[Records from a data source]
==============================

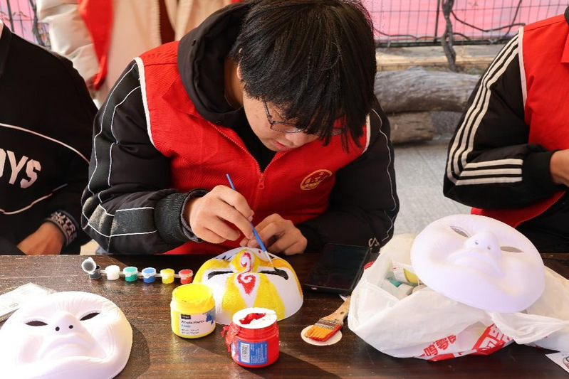 活动伊始,同学们在志愿者的指导下进行脸谱绘制。脸谱承载着中华民族千年的文化记忆,以鲜明的色彩和独特的图案展示匠人智慧。同学们或遵循模板,或自主创新,用一抹抹丹青描绘世间百态。一幅幅脸谱作品生动呈现了传统艺术的魅力,也寄托了对民族文化的敬意。
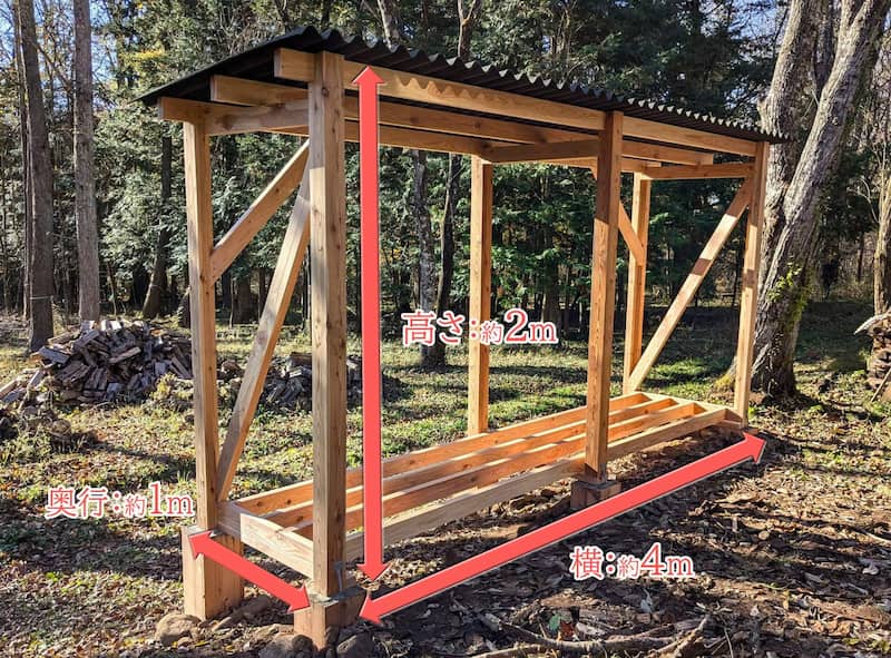 薪小屋のサイズは2種類とも、幅約4m ×  高さ約2m  × 奥行約1m です。
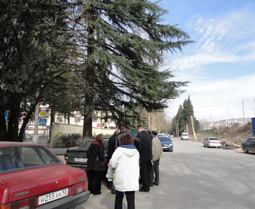 15 марта представители общественности, работники администрации и представители подрядных организаций Росавтодора встретились наЧлены комиссии ищут в плане деревья, подлежащие сносу. Сочи, ул. Чайковского, 15 марта 2011 г. Фото "Кавказского узла" улице Чайковского для контроля за состоянием улицы.
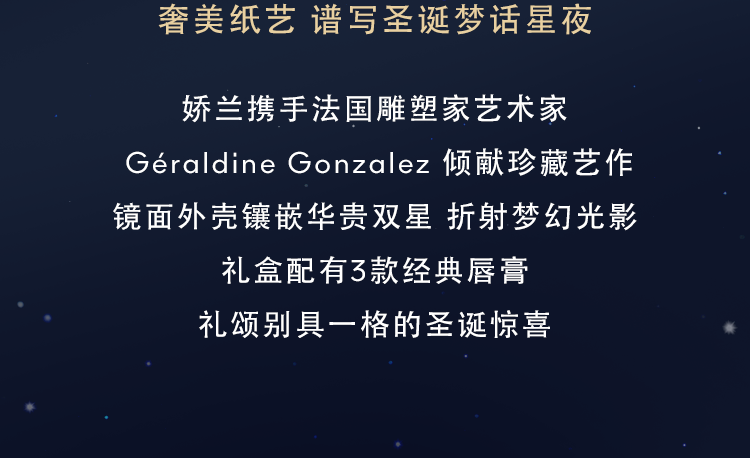 推荐:「点击消失后展开」以“童话”为主题,携手艺术家打造梦幻视觉,强调定制化刻字服务与节日送礼体验,借此推广娇兰的圣诞限定系列。
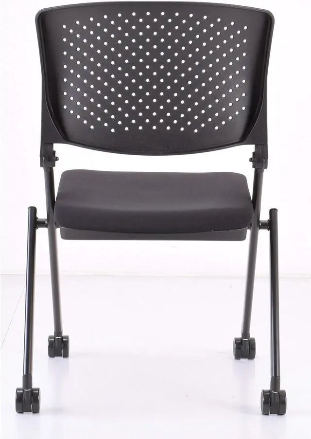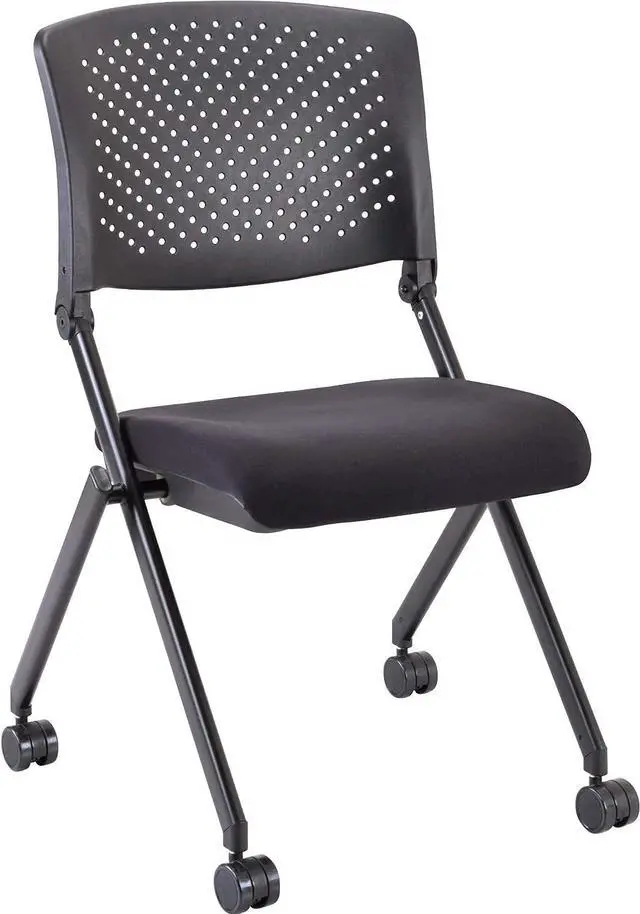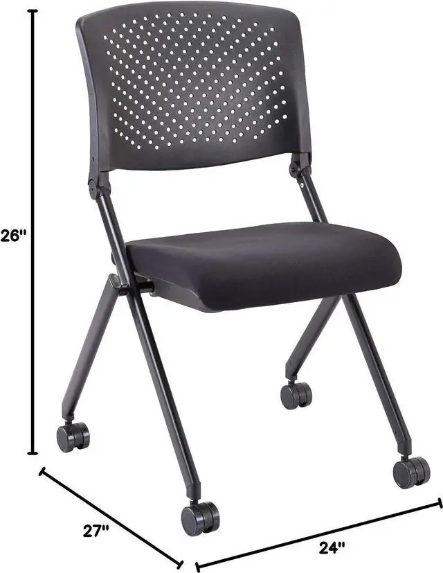 Convenient seating for guests and training participants Nesting design for compact storage Mobile on nylon casters for easy setup Fabric-upholstered seat for comfort 360-degree swivel rotates completely for added convenience
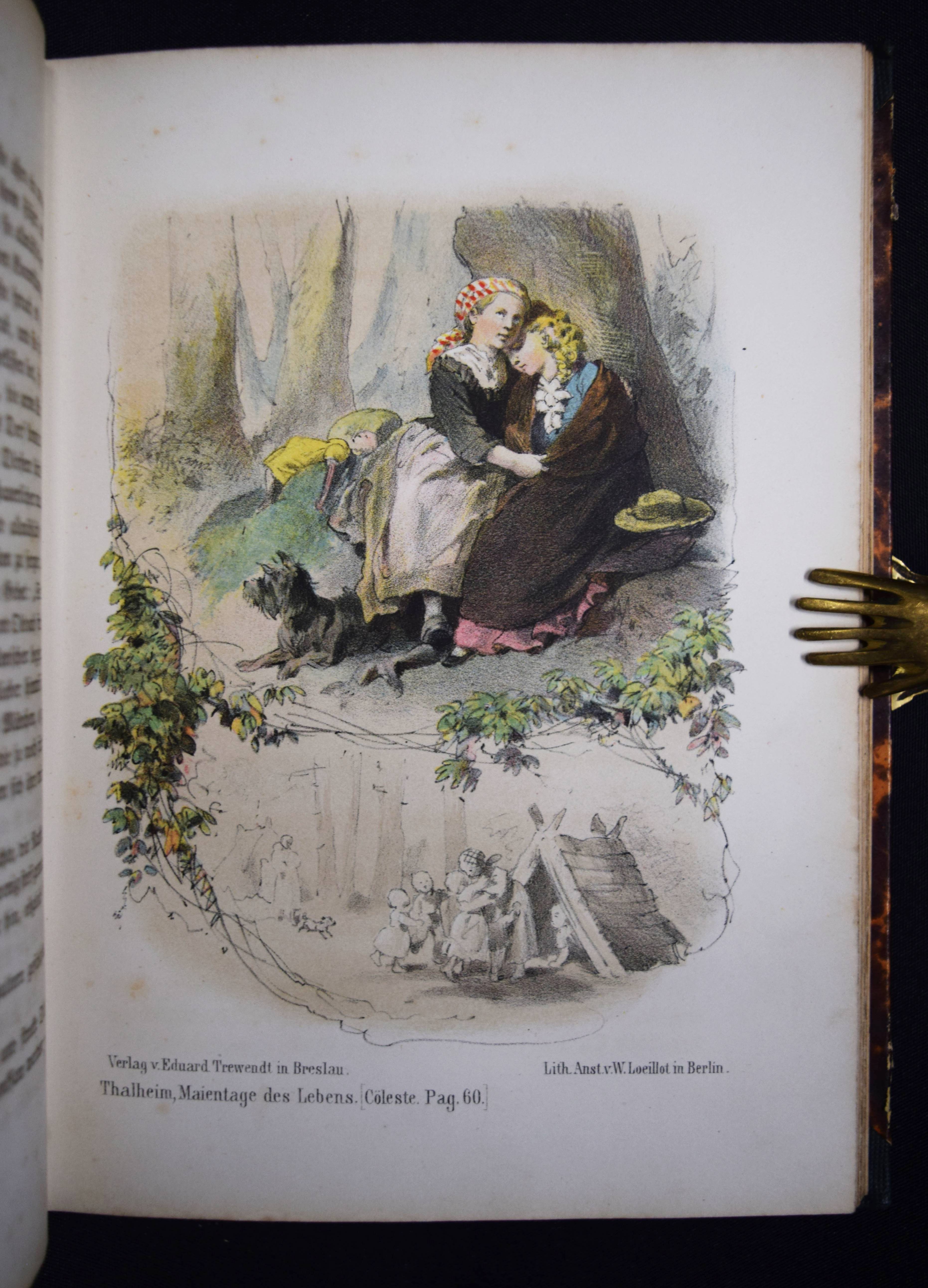Thalheim, Louise. Maientage des Lebens. Drei Erzählungen. Breslau, Eduard Trewendt 1871. 8°. 151 S. mit 4 lithogr. handkol. Illustrationen der Verfasserin. OHln. mit dekorativer figürlicher Rückenvergoldung. Daube, Katalog Benjamin 174. LKJ III, 526. Ries 920, 3. Semrau, Thalheim 34. Seebaß II, 2036. Wegehaupt II, 3389. – Erste Ausgabe, selten. – Die hübschen Tafeln zeigen jeweils eine größere kolorierte und eine kleinere getönte Darstellung. – „Eine hübsch illustrierte Jungmädchengeschichte” (A. Seebaß). – „Charakteristisch für Thalheims Stil ist die Verbindung eines größeren Hauptbildes mit mehreren kleineren vignettenartigen Bildchen. das Graziöse und Anmutige dieser Komposition und deren zarte und geschmackvolle Kolorierung heben sie aus ähnlichen Illustrationen der Zeit heraus“ (E. Semrau in LKJ). – Nur vereinzelt im Blattrand etwas fingerfleckig, sehr gutes Exemplar im dekorativen Verlagseinband.

==============================

*How to complete this task:*
Only the lines from the start of the records through the line containing "薪小屋のサイズは2種類とも、幅約4m ×  高さ約2m  × 奥行約1m です。" should be repeated, word for word, with the pictures left out.

*Response area:*
 活动伊始,同学们在志愿者的指导下进行脸谱绘制。脸谱承载着中华民族千年的文化记忆,以鲜明的色彩和独特的图案展示匠人智慧。同学们或遵循模板,或自主创新,用一抹抹丹青描绘世间百态。一幅幅脸谱作品生动呈现了传统艺术的魅力,也寄托了对民族文化的敬意。
 薪小屋のサイズは2種類とも、幅約4m ×  高さ約2m  × 奥行約1m です。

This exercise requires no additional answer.